When your hunter comes home with that organic game meat, OR as we approach Thanksgiving, save the carcasses. Here’s why: bone broth has been used medicinally for thousands of years with its origins in Ayurvedic and Chinese medicines. It’s light, warming and oily qualities are beneficial in cold, dry months to keep you grounded and nourished. Drink a small cup of this mineral rich soup daily to ward off autumn deficiencies. Bone broth acts as a tonic, allowing your body to restock on much needed nutrient supplies.
Benefits of Bone Broth
- The rich iron content helps to strengthens the blood, which also leads to healthy tissue and organ functioning.
- Rest, recover and reset your digestive strength.
- Soothes the central nervous system.
- Supports a healthy immune system and increasing overall strength and vitality (ojas).
- The amino acids such as such as cystine, histidine and glycine are present in bone broth which help to decrease inflammatory.

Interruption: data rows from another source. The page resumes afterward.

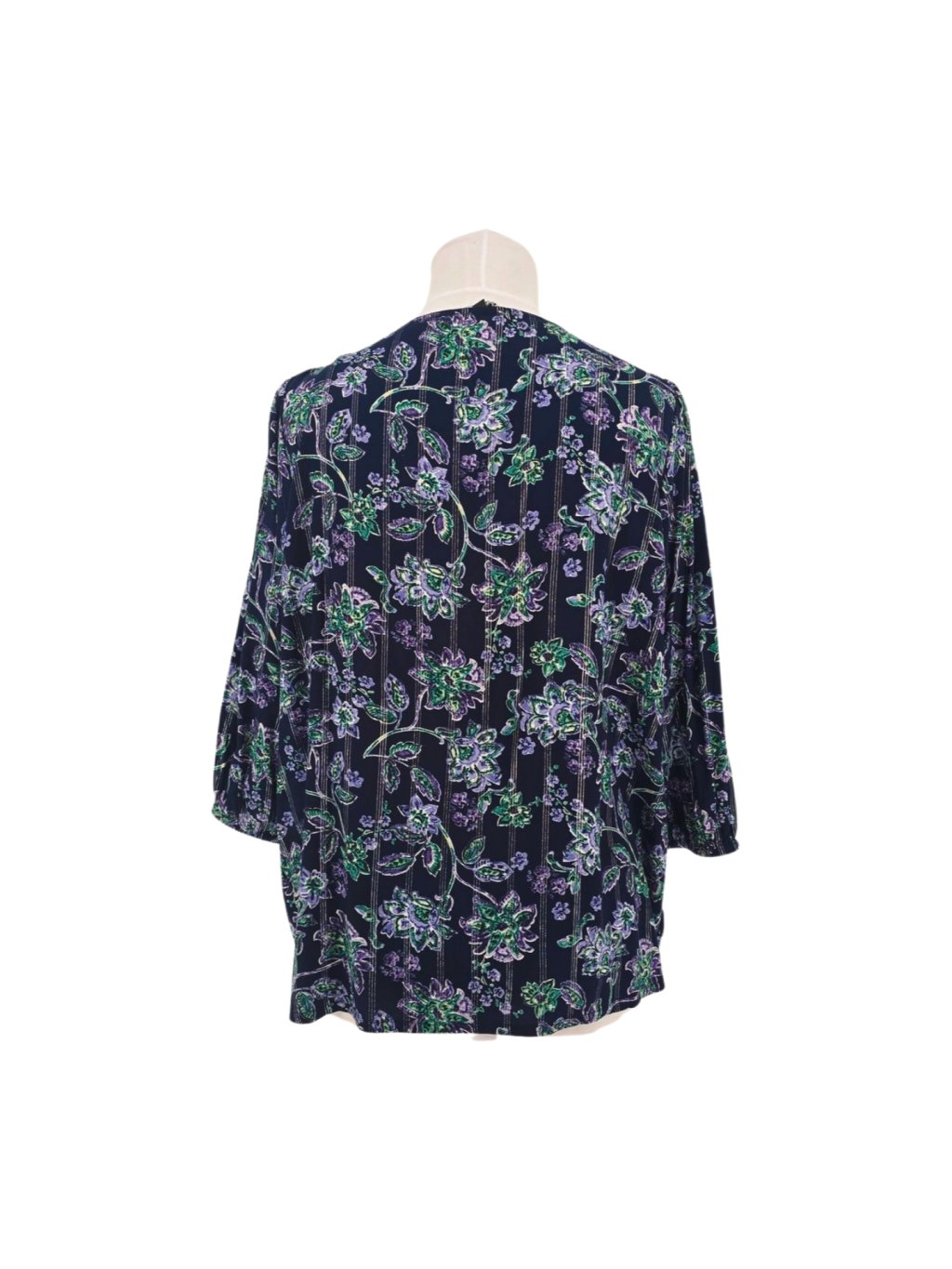 krémová tunika se zelenými květy , od pasu dolů rozšířená, s širokými rukávy
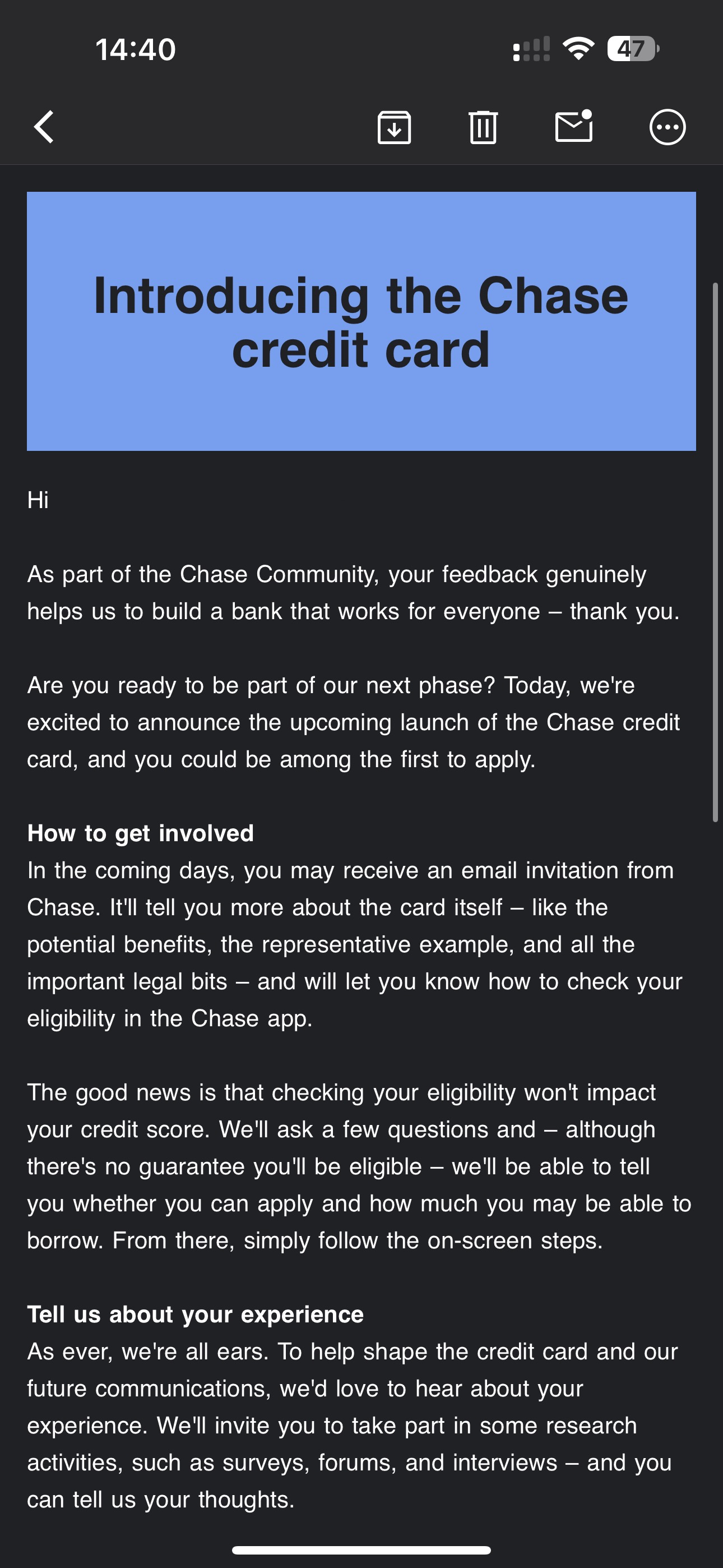 I just received this email today! Haven’t received any other email yet and I cannot see any option in the app to apply for the chase credit card.
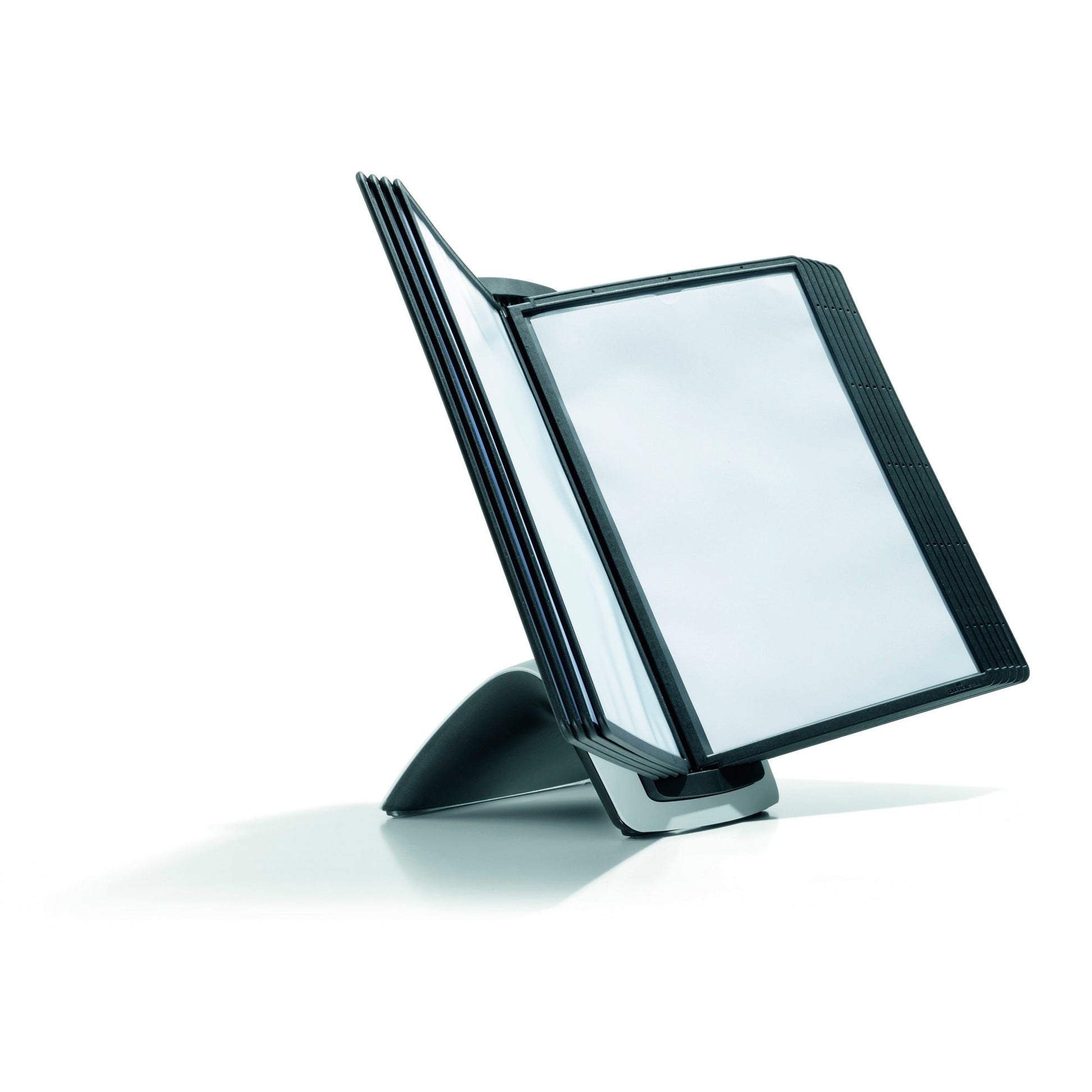 Bezeichnung: DURABLE Sichttafelständer SHERPA® STYLE TABLE 10 50 x 42 x 38,5 cm (B x H x T) Polyamid/Polypropylen/ABS Kunststoff/Polyurethan Anzahl der mitgelieferten Sichttafeln: 10 Sichttafeln schwarz

- Reduces gut inflammation. If you experience constipation, diarrhea, IBS, leaky gut or Crohn’s disease, drink bone broth to re-establish regular bowel movements and a healthy gut flora. The anti-inflammatory properties and collagen content of this meal soothe and repair a damaged gastrointestinal tract and strengthen the digestive system.
- Bone broth contains collagen, glucosamine and chondroitin, all essential ingredients for healthy bones and joints, therefore, it will help to increase bone strength. By eating foods with similar qualities of a certain tissue, we can increase the strength of that specific tissues. For example, adding mineral rich bone broth to your diet will naturally increase the strength and quality of the bones (plus your hair, nails and teeth too!).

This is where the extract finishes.